Openly Gay

If there is one singular phrase that can corral a huge batch of anger it’s reading about how someone is ‘Openly Gay’. It’s the context that gets me most of all. Context is a theme I will be exploring in the next few blog entries, so you might as well get comfortable now with my ranting and raving.

What angers me most is that there is some fundamental difference between “Gay” and “Openly Gay” – a kind of paper-based room-divider-esque closet for people to hide in while trying to appeal to the masses. The difference between “Gay” so and so and “Openly Gay” so and so makes every part of me tremble with rage. I see the phrase “Openly Gay” in headlines and it just turns in my gut like a knife – that being public and sharing your sexual orientation is in itself a newsworthy event. It is not a newsworthy event, if someone is gay, they are gay. What is the shock and awe associated with this?

Centrally this touches on a huge pet peeve of mine. People who hide in the closet, thinking they are protecting themselves when they are doing nothing more than dodging the truth and avoiding unpleasant feelings. The longer you dwell in the closet the harder it is to open the door, and if you spend too much time there, you run the risk of losing the seam where the door really is and thinking you are in a jail cell for the rest of your life.

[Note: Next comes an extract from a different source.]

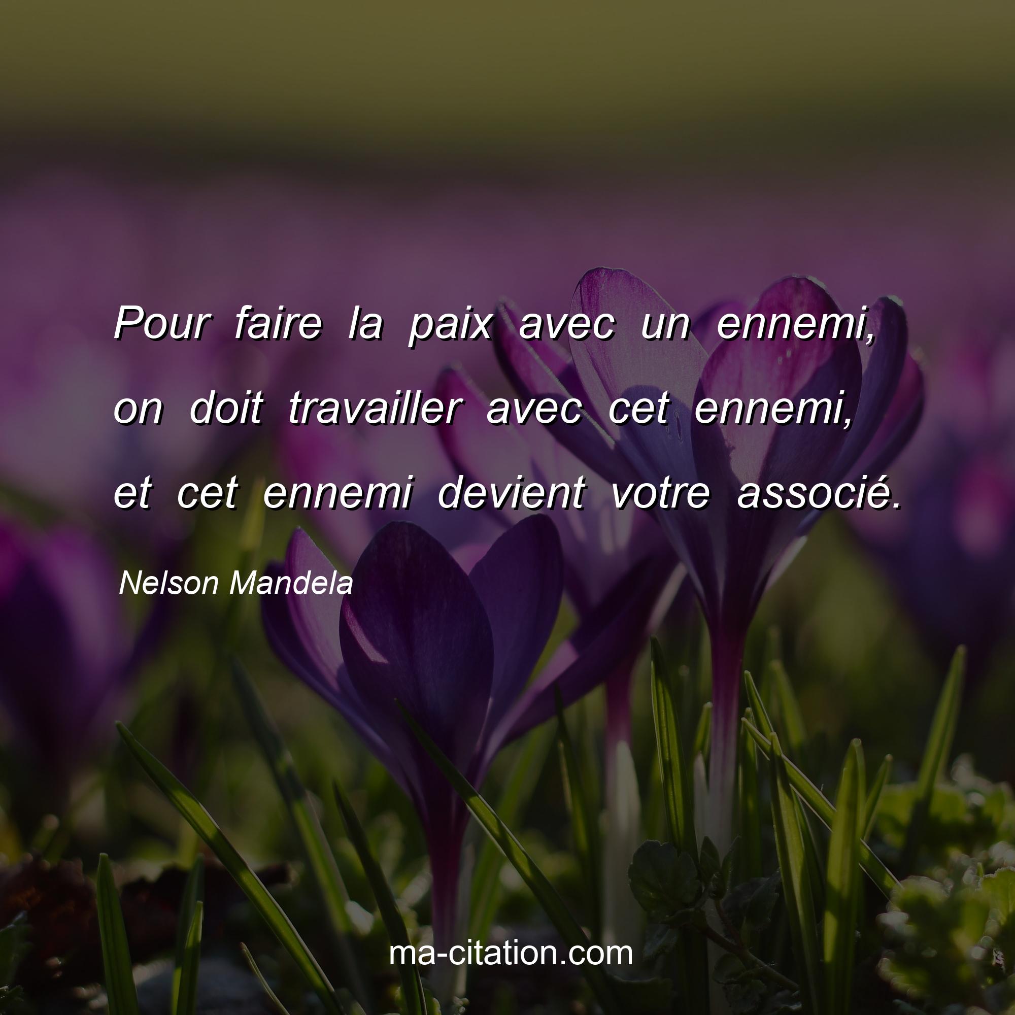 Citation sur la vie de Nelson Mandela :Pour faire la paix avec un ennemi, on doit travailler avec cet ennemi, et cet ennemi devient votre associé.

The rest of this touches on the number of homosexuals in our world. Everyone is under the impression that there are just a really limited number of homosexuals and that we can be gleefully written off because we aren’t important enough to consider as being worth it to regard and respect. If everyone who was gay in the closet came out spontaneously, our world would change. The truth would not only set you free, it would set us all free. The truth is like light, it cleans what it touches and from my recent experiences (more on those later) that light is more needful than ever to come out and illuminate every little nook and cranny. If you don’t think it’s important for your social health, it’s vital for your biological and spiritual health as well!

I recently had the pleasure to watch this blog-entry from a fellow by the moniker of Davey Wavey. He’s quite wise for someone so young and instead of replicating his words I can just point to him and have everyone watch what he has to say on this subject. It is time for people to stop using the phrase “Openly Gay” because all Gays should be “Open” already. Hiding is bad for you, it’s bad for me, it’s bad for us all!

2 thoughts on “Openly Gay

  1. Although I think you're absolutely right regarding the biological/spiritual health issue, I think "open" vs. not is a more multifaceted issue than that alone. There's a fine line between "open" and "overstated", imo.

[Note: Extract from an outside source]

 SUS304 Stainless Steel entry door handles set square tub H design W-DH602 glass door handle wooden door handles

    By overstated, I mean that some (many?) take it so far that they wear their orientation like a badge, like something they earned that is worth celebrating just by virtue of existence. Certainly the solidarity is a legitimate way to bolster self-esteem knocked into the gutter by a polarized society, but I just find it odd that so much flag-waving and ego results from something we strongly believe to be of primarily genetic origin.

    I think there's something to be said here about the need for people to have a "sense of place", specifically an idea of their context in the world. Sexuality is important, as are self-esteem and a sense of belonging, but without that "sense of place" you get both extremes: people buried in their dark closets, AND people who think their shit smells like dahlias just because they're gay.

    • The only reason I think it's important is because as a group, our rights are not the same as they are for everyone else. Case in point, in Michigan I cannot marry Scott, so I don't have access to Bereavement Leave if someone in his family should die. I think that's really unfair, as we've been together and have an established home for longer than many straight marriages last. With people hiding in the closet, we have weak political power; we just don't appear on the radar screens of politicians. If everyone were to come out of the closet, not in a blaze of glory mind you, but at least be truthful to those that you know, then more people would know a gay person or a gay couple and be less apt to engage in bigoted politics, especially in the voting booth.